The simulations in this section investigate the behavior of the estimators ZS and RobZS for increasing levels of contamination. We use contamination setting (C) and increase the outlier proportion from zero to 0.5 in steps of 0.02. In each step, 50 replications are carried out, and the means plus/minus two standard errors of the results are presented in Figure 2. The red lines are for ZS, the blue lines for RobZS. The simulations are conducted for the parameters n =50, p =30 and ρ=0.2. The results basically reveal that the results for ZS get worse if the outlier proportion increases. Particularly, FN quickly increases to a value of about 2, and thus 2 out of 6 active variables are (on average) not identified. RobZS shows stable performance up to about 25% of contamination. This is explained by the trimming proportion of the procedure, which we set to 25% in all experiments. The evaluation with a 10% trimmed prediction error (upper right plot) is clearly not appropriate in a setting with high proportions of outliers. It is interesting that FN is very stable (up to about 20% contamination), and that FP decreases for an outlier proportion of up to 0.25. This means that the estimated regression parameters get sparser with higher contamination, and true noise variables are more accurately identified.

Fig. 2.

Performance of the ZS (red) and RobZS (blue) estimators by increasing the contamination level, using scenario (C). Here, n =50, p =30, ρ=0.2; shown are means (solid lines) plus/minus two standard errors derived from 50 simulation replications at each step

Supplementary Section S2.3 of Supplementary Material also contains simulations studies which investigate the effect of varying sparsity. A general conclusion from these results is that less sparsity of the model reduces the advantage of the robust method. Or, in other words, RobZS has much better performance than ZS in presence of outliers, and if the true underlying model is very sparse.

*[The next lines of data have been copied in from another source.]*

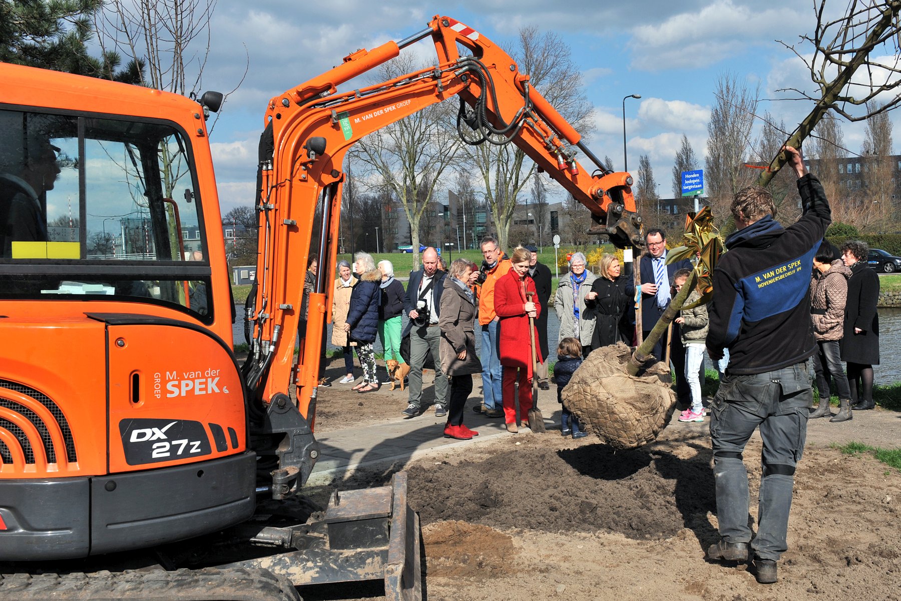 De hoveniers van M. van der Spek GROENPROJECTEN verzorgen in opdracht van de Gemeente Rijswijk al het groen aan de Hoornkade: 17 bomen en 2500 m2 planten. Daarom hebben we op de boomfeestdag samen met de wethouder, bewoners en de gemeente twee nieuwe bomen geplant.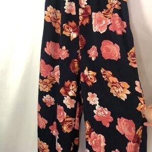 Strapless and Smocked back Navy Coral Floral with flowy pants Lightweight and airy Pit to pit 15” Waist 26” Inseam 30”
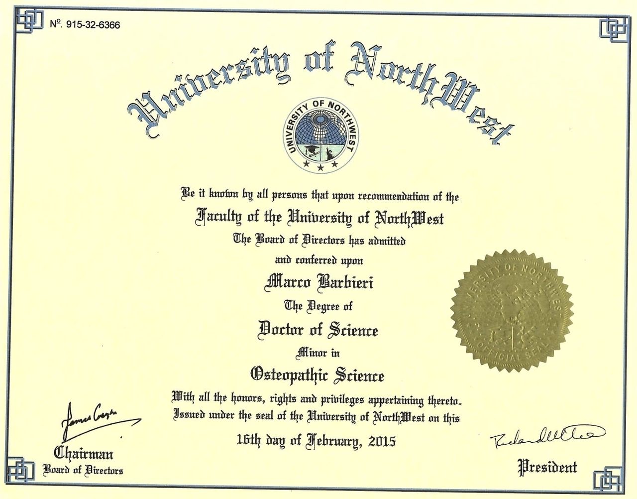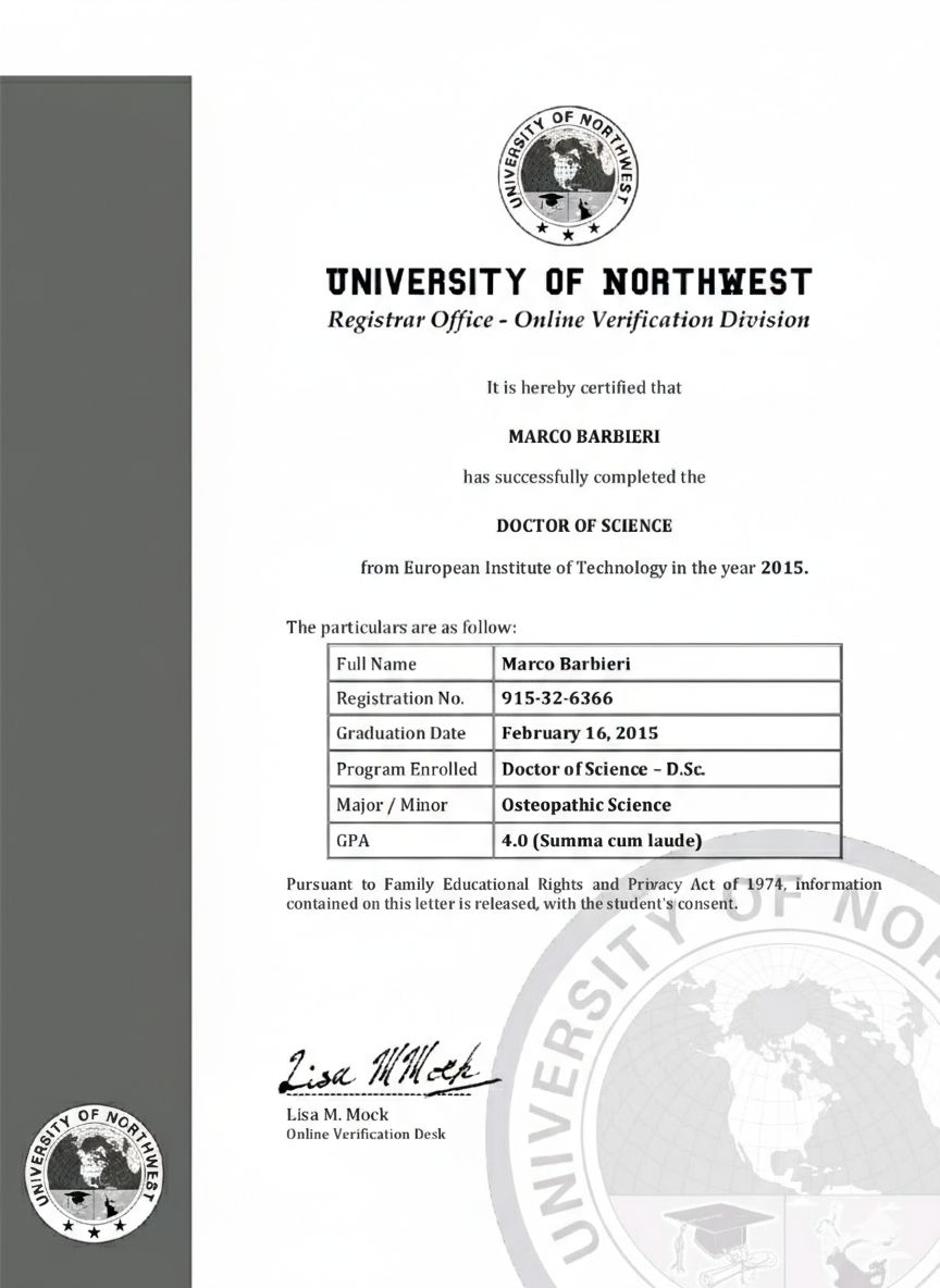 Nel 2015 conseguo la laurea in Osteopatia presso L'University of NorthWest a Seattle nello stato di Washington. Successivamente conseguo un master in Osteopatia classica ed ho l'onore e il privilegio di collaborare con il mio mentore , docente e amico per sempre Fú Dott. Ezio Rittà. Il miglior Osteopata che abbia mai conosciuto.

Finally, a further simulation study is presented in Supplementary Section S2.4 of Supplementary Material which focuses on the use of the elastic-net penalty (both Ridge and Lasso). The comparison of ZS and RobZS reveals that RobZS tends to select on average a much smaller value for the tuning parameter α than ZS, which comes closer to a ridge penalty, and thus contains more variables in the model. Consequently, FP is generally higher for RobZS compared to ZS, but FN is considerably lower, even in the uncontaminated case. As expected, the prediction error is much smaller for the robust method in a contaminated scenario.

4 An application to human gut microbiome data

We applied the proposed RobZS model to a cross-sectional study of the association between diet and gut microbiome composition (Wu et al., 2011). In this study, fecal samples from 98 healthy individuals were collected and the microbiome dataset was produced by high-throughput sequencing of 16S rRNA, obtaining 6674 OTUs, the normalized counts of clustered sequences that depict bacteria types. We aim to predict caffeine intake, the continuous outcome of interest, based on the OTU abundances (Jaquet et al., 2009; Xiao et al., 2018). The microbiome dataset was previously preprocessed by Xiao et al. (2018) removing rare OTUs with prevalence less than 10%. Due to the high proportion of zero counts, we further retained OTUs that appeared in at least 25 samples, resulting in a matrix of dimension n×p=98×240. Additionally, we applied the quantile transformation to the caffeine intake to fulfill the underlying assumption of normality, as done in Xiao et al. (2018). Zero counts were replaced by the maximum rounding error of 0.5 to allow for the logarithmic transformation, which is a common practice in the context of analyzing microbiome data (Aitchison, 1986, Section 11.5). Note that in CODA analysis there are more sophisticated methods for zero replacement (Lubbe et al., 2021), but since this is not the focus of this paper, and because the proportion of zeros is also quite high with 49%, we stick to this simple replacement strategy.

For a fair investigation of the prediction performance of the four sparse estimators, a 5-fold CV procedure was repeated 50 times, resulting in 250 fitted models for each sparse regression method. This is a common way used in machine learning to reduce the error in the estimate of mean model performance. In the training set, the parameter selection follows the one described in the simulation section. Prediction error and trimmed prediction error were used to assess the prediction accuracy of the different methods. Note that instead of using a trimmed prediction error, one could also use other robust error measures if the outlier proportion is unknown, such as the robust τ scale estimator of Maronna and Zamar (2002).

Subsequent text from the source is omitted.